I don’t know that I would have done anything differently. I assume I will be able to do all the things in the future and if I’m disappointed…so be it. I will still travel to visit family. I will still see movies and listen to concerts. It might look different, but so do I.
Hmm. Interesting question. I don’t think I would’ve done anything differently, had I known what was coming, though.
I’m not sure. I do find myself wishing we’d travelled more, beyond our regular trips to see family. This is when I thought we would be doing that, now that we’re both retired and settled into our condo for a few years now, and have some time and extra money — but I feel like the chance to do that, while we’re both still relatively young and healthy, is slipping away. 🙁 (On the other hand, I am glad we weren’t travelling and stuck somewhere in a strange city/country when covid first came along and so many flights were grounded…!)
Hmmm, that is an interesting question. I would’ve traveled more for sure. I also would’ve followed my intuition to get one of my kids checked out for ASD. If we knew then what we know now, and he had been receiving the proper supports… my speculation is that it would have been somewhat less stressful than finding out a year into the pandemic what his behaviors meant.
I … don’t think so?
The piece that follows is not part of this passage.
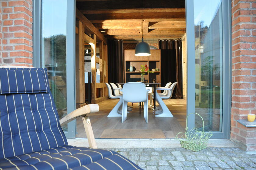 Im Erdgeschoss befinden sich der großzügige Aufenthaltsbereich - Essdiele, Bibliothek, Wohnküche und Wohnzimmer mit Kaminofen -, ein kleines Bad und ein Hauswirtschaftsraum. Durch das große Glastor auf der Hofseite der Diele gelangen sie auf die Terrasse.

We took a big (international, expensive) trip in 2019, which means that for us, 2020 was going to be a low-travel year. Which it was! In my DH’s preferred world, we go to a restaurant maybe twice a week, whereas in my preferred world we go to a restaurant maybe once a month? Maybe not that often. We have eaten indoors in a restaurant precisely once since the pandemic started, but we also have a good pizza place (no, really) near us that does good outdoor dining and probably ate there a dozen times in 2021. So …
I have very much missed seeing extended family, so might have done a bit more of that, but the thing is, it’s one of those things that I enjoy always, so having done more wouldn’t mean I’d want it less now, I don’t think. I am very grateful I got to have a nice visit with a geographically remote and (already) ailing elderly family member on the 2019 trip, before that person was one of the earlier victims of this awful pandemic.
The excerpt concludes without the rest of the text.